== The problem ==
Reproduction of part of the material below, pictures omitted: copy exactly, and only, the lines starting with the one with "侯景新在发言时提出了亲切的嘱" and going on through the one with "Katie Holmes wears".

== Extracted material ==
┌──

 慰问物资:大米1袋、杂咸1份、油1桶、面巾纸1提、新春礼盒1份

└──
┌──

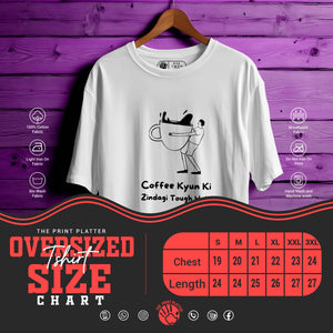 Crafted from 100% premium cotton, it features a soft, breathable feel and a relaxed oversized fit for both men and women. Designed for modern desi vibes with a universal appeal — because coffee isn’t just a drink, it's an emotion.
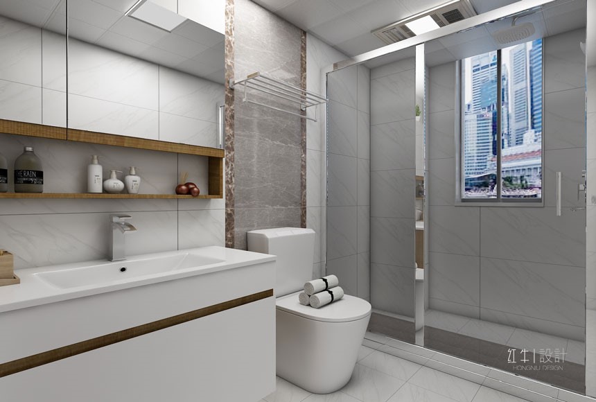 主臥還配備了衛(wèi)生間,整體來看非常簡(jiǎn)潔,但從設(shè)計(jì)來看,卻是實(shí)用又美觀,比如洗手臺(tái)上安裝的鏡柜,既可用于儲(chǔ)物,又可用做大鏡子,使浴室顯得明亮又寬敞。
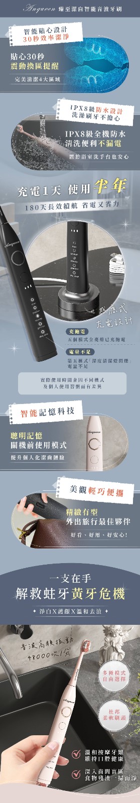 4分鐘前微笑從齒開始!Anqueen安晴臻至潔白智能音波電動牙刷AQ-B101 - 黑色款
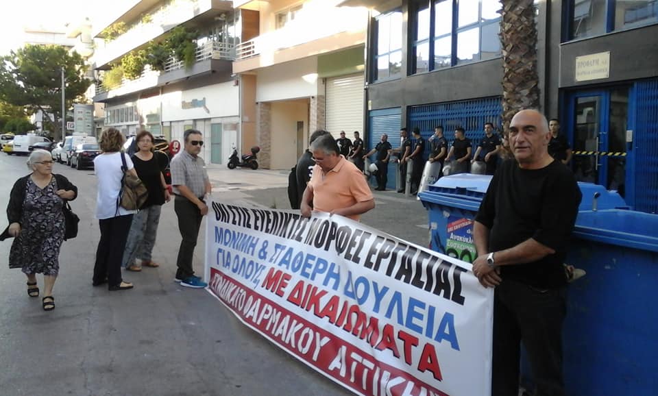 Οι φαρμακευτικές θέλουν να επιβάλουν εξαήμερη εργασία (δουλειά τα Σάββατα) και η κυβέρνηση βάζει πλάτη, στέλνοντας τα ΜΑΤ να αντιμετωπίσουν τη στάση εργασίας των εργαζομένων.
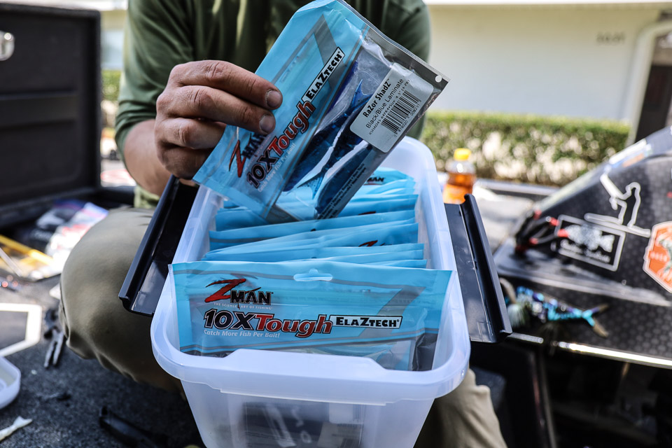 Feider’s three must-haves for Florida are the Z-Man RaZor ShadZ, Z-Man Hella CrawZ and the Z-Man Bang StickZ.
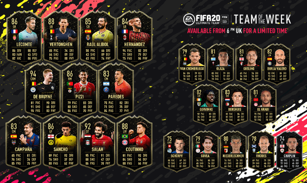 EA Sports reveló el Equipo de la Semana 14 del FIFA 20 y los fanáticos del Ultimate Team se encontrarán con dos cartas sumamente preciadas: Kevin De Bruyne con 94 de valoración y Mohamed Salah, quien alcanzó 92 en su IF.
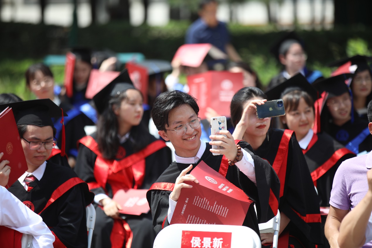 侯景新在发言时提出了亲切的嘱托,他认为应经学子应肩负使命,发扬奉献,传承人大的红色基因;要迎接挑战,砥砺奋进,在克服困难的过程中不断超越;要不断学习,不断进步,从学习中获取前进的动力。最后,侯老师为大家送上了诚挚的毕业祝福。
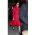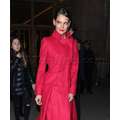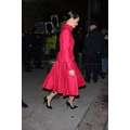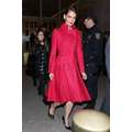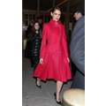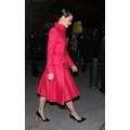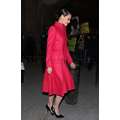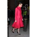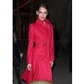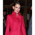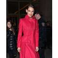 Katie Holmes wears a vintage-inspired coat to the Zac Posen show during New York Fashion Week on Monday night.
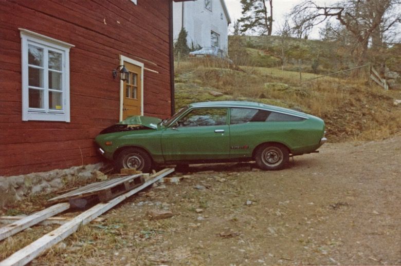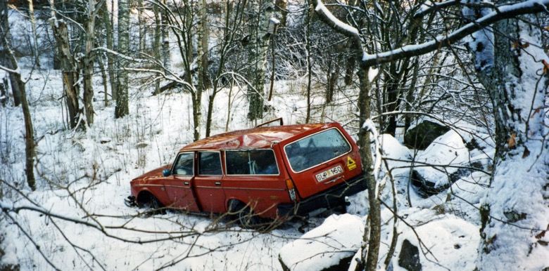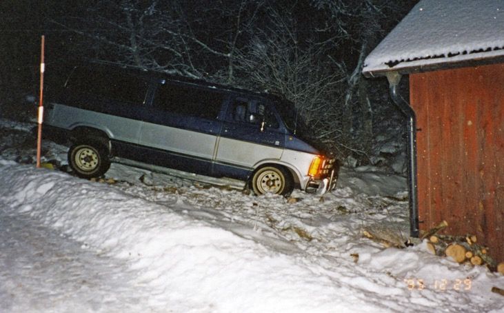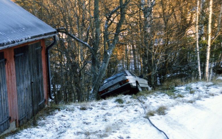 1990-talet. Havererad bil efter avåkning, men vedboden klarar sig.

└──

== Result of the exercise ==
 侯景新在发言时提出了亲切的嘱托,他认为应经学子应肩负使命,发扬奉献,传承人大的红色基因;要迎接挑战,砥砺奋进,在克服困难的过程中不断超越;要不断学习,不断进步,从学习中获取前进的动力。最后,侯老师为大家送上了诚挚的毕业祝福。
 Katie Holmes wears a vintage-inspired coat to the Zac Posen show during New York Fashion Week on Monday night.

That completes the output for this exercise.